Vercel で Basic 認証付きのプレビュー環境を作る

Vercel は Serverless functions が使えるので、サーバーを立てて、そこから静的コンテンツを配信することができます。

Vercel のコンテンツにパスワード付ける機能はオプション機能なので有料ですが、Serverless functions を利用すれば無料プランの範囲内で Basic 認証付きの環境を作ることができたので、その方法をメモ。

今回は Node.js を使いました。

事前にやっておくこと

  • vercel コマンドのインストール (リポジトリの連携を行っている人は必須ではない)
  • プロジェクトの public に静的コンテンツを作成しておくか npm run build のように静的コンテンツをビルドするためのコマンドを用意しておく

やること

  • プロジェクト内にエントリーポイントとなるファイルを用意する
  • vercel.json に builds, routes を記述する

プロジェクト内にエントリーポイントとなるファイルを用意する

  • 下のコードをプロジェクト配下に置く
  • Basic 認証を追加する処理、静的コンテンツの配信は static-auth を利用して簡略化しています

app.js

const protect = require('static-auth');
const safeCompare = require('safe-compare');

const USER_NAME = process.env.USER_NAME || 'admin'; // プロジェクトの環境変数を設定していた場合はそちらを適用させる
const PASSWORD = process.env.PASSWORD || 'admin';

const app = protect(
  '/',
  (username, password) => safeCompare(username, USER_NAME) && safeCompare(password, PASSWORD), // timing attack 対策
  {
    directory: `${__dirname}/public`, // public 配下のファイルを静的コンテンツとして配信する
    onAuthFailed: (res) => {
      res.end('Authentication failed')
    },
  }
)

module.exports = app

directory で指定する値も process.env で設定できたら良さそうと思って色々試してみましたが、変数展開させようとするとプレビュー環境でうまくいきませんでした。 (ローカルではうまくいったので謎....)

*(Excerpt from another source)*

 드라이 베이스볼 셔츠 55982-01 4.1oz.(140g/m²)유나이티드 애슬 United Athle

vercel.json に builds, routes を記述する

Vercel はデフォルトで publicフォルダをドキュメントルートとしてコンテンツを公開します。 public フォルダが存在しない場合はプロジェクトのルート直下がドキュメントルートとなります。

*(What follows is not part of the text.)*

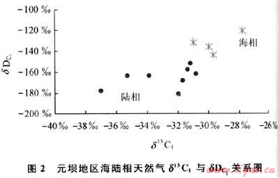 根據前人對甲烷氫同位素的研究,通常認為烷烴氣的氫同位素首先制約于沉積環(huán)境,其次才是成熟度的影響。Schoell提出天然氣氫同位素組成隨烴源巖熱演化程度的增加變重,陸相淡水環(huán)境生成的熱成因甲烷的氫同位素組成小于-190‰,海相環(huán)境生成的甲烷的氫同位素組成大于-190‰[1]。沈平等研究發(fā)現中國陸相盆地天然氣甲烷的氫同位素組成介于-255‰~-158‰,其中海陸交互相的半咸水環(huán)境中生成的甲烷氫同位素值(δD)亦大于-190‰,而湖相、沼澤相的淡、微咸水環(huán)境生成的生物甲烷δD值一般小于-200‰[2~5]。王曉峰等對塔里木盆地海相和陸相環(huán)境生成的天然氣甲烷氫同位素進行研究后發(fā)現,二者基本以-170‰為界[3~6]。錢志浩等認為,四川盆地天然氣由于成熟度和共存水的影響,海陸相天然氣甲烷8D的劃分界限以-160‰為宜[6]。

先程作成した app.js もそのままでは実行されません。 これを変更するために vercel.json をプロジェクトルートに作成し、以下の内容を記述します。

{
  "builds": [
    {
      "src": "app.js",
      "use": "@vercel/node" // app.js を node で実行する
    }
  ],
  "routes": [
    { "src": "/.*", "dest": "main.js" } // リソースへのアクセスを main.js を通す形に変更
  ]
}

ローカルで動作テスト、プレビュー環境への反映

プレビュー環境にあげる前にローカルで app.js が動作するかをテストします

vercel dev

ローカルで app.js が動作し、Basic 認証がかかって認証語に public 配下のコンテンツを表示することを確認できたらプレビュー環境へデプロイします。